真似できない 商品開発 に魂がある〜 国際雑貨エキスポ 2020 春

私たちが普段手にする雑貨や日用品の裏側には、商品を生み出す職人やメーカーの熱意が詰まっている――そんな“ものづくりの原点”を感じられる場が、1月20日から22日まで幕張メッセで開催された「国際雑貨エキスポ 2020 春」。
日本のみならず海外からも多彩な出展企業が集い、独自のアイデアで生み出された雑貨の数々が一堂に会するこの展示会。来場者にはバイヤーやショップオーナーが多く、彼らが求めるのは「売りやすさ」だけでなく、「つくり手の想い」が滲む商品である。
職人の魂が宿るものづくりの価値
会場を回って最初に感じたのは、製造工程に対する強いこだわりと、ユーザーの使い勝手を追求する姿勢。目新しさやデザインの良さはもちろん重要だが、どのメーカーも「なぜ、こう作るのか?」という明確な意図をもって臨んでいるように見受けられた。
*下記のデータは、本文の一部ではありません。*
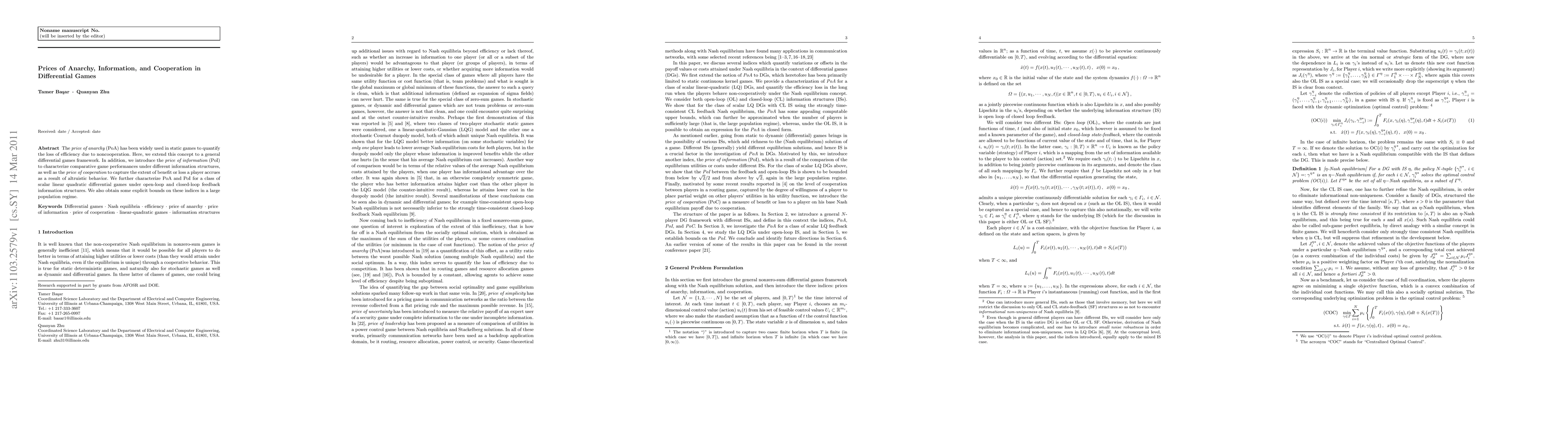 The price of anarchy (PoA) has been widely used in static games to quantify the loss of efficiency due to noncooperation. Here, we extend this concept to a general differential games framework. In addition, we introduce the price of information (PoI) to characterize comparative game performances under different information structures, as well as the price of cooperation to capture the extent of benefit or loss a player accrues as a result of altruistic behavior. We further characterize PoA and PoI for a class of scalar linear quadratic differential games under open-loop and closed-loop feedback information structures. We also obtain some explicit bounds on these indices in a large population regime.

新しい素材を試してみたり、海外の工場と提携してコストを抑えたりと、試行錯誤の背景には“より多くの人にこの良さを届けたい”という情熱がある。
実際、ゼロイチで何かを生み出すのは容易なことではない。
とくに既存の概念を超える新発想の商品は、一見シンプルに思えても、試作品の段階で何度も改善や修正が重ねられています。職人技術に裏打ちされた製品でも、実際にユーザーの生活に溶け込むためには、使う場面や価格帯、メンテナンスのしやすさなど、総合的に配慮しなければならないから。
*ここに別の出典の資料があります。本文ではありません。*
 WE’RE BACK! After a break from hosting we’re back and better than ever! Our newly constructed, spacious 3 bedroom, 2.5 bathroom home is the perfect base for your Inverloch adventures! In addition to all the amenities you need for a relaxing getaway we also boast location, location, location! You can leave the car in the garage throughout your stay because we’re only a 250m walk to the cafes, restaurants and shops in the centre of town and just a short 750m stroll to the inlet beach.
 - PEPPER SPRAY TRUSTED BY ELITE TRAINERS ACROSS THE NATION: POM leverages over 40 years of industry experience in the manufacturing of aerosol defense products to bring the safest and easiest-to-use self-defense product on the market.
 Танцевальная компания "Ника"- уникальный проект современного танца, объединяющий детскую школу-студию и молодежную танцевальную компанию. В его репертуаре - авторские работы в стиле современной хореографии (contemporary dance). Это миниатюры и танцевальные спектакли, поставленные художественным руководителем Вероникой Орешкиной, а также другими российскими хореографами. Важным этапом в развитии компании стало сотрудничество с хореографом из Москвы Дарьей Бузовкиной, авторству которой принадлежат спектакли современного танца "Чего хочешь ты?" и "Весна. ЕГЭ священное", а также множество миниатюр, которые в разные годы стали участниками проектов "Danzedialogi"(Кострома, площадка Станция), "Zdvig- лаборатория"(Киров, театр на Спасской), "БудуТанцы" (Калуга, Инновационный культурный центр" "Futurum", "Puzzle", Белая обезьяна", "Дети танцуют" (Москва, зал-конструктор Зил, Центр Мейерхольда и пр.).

そうした苦労を乗り越え、なおかつ“この商品があると日常が少し楽しくなる”という魅力を持っているものこそ、本気のものづくりだと言えるでしょう。
今回出展されていた「マグエバー」のマグネット雑貨や、「グッドグラス」のかわいらしい吹きガラスなどは、まさにその一例。流行にただ乗っかるのではなく、自分たちの得意領域や技術を活かしながら、ユーザーのニーズに寄り添い、なおかつ新しい切り口を提示していた。
マグネットで暮らしを変える——「マグエバー」の粘り強い発想力
・暮らしを便利にする

会場を歩いていて真っ先に目を引いたのが、株式会社マグエバーのブース。同社は名前のとおり“マグネットの専門家”だが、ただ強力な磁石を売るだけではない。
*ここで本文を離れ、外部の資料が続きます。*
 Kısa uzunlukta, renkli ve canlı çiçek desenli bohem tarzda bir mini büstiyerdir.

自社のコア技術を活かしながら「暮らしを便利にする」ための製品を多数開発しているのである。その代表作が「マグサンド」。一見、単なる丸いマグネットが2つセットになっただけのように見えますが、実はこれが斬新な使い方を可能にしていた。
最大の特徴は「挟む」という発想。窓ガラスの表裏にそれぞれマグネットを貼り付けると、その磁力でガラスをはさんだ形となり、フックを好きな場所につけられるという仕組み。

お風呂場や洗面所、キッチンなど、タオル掛けが不足しがちな場所でも、窓やガラス面があれば手軽にフックを追加できます。よくある吸盤式フックと異なり、貼り付きにくい素材でもしっかりホールドできるのが強み。しかもマグネットが当たる部分にはシリコン製のカバーを施してあるので、ガラスを傷つけにくく錆びにくいのである。
・実用性と買いやすさの調和
このシリコン被膜に関しては、中国で作ったマグネットをマレーシアの工場へ持ち込み、特殊な工程でコーティングすることで実現させているとのこと。
日本国内生産ではどうしてもコストが上がってしまい、1280円(税抜)という現行価格を維持できなくなるという。高品質とリーズナブルな価格帯の両立は、ものづくりにおいて常に大きな課題。しかしマグエバーは、日本での生活に根ざした実用性と買いやすい価格を両立すべく、国境をまたいで生産体制を整えているのである。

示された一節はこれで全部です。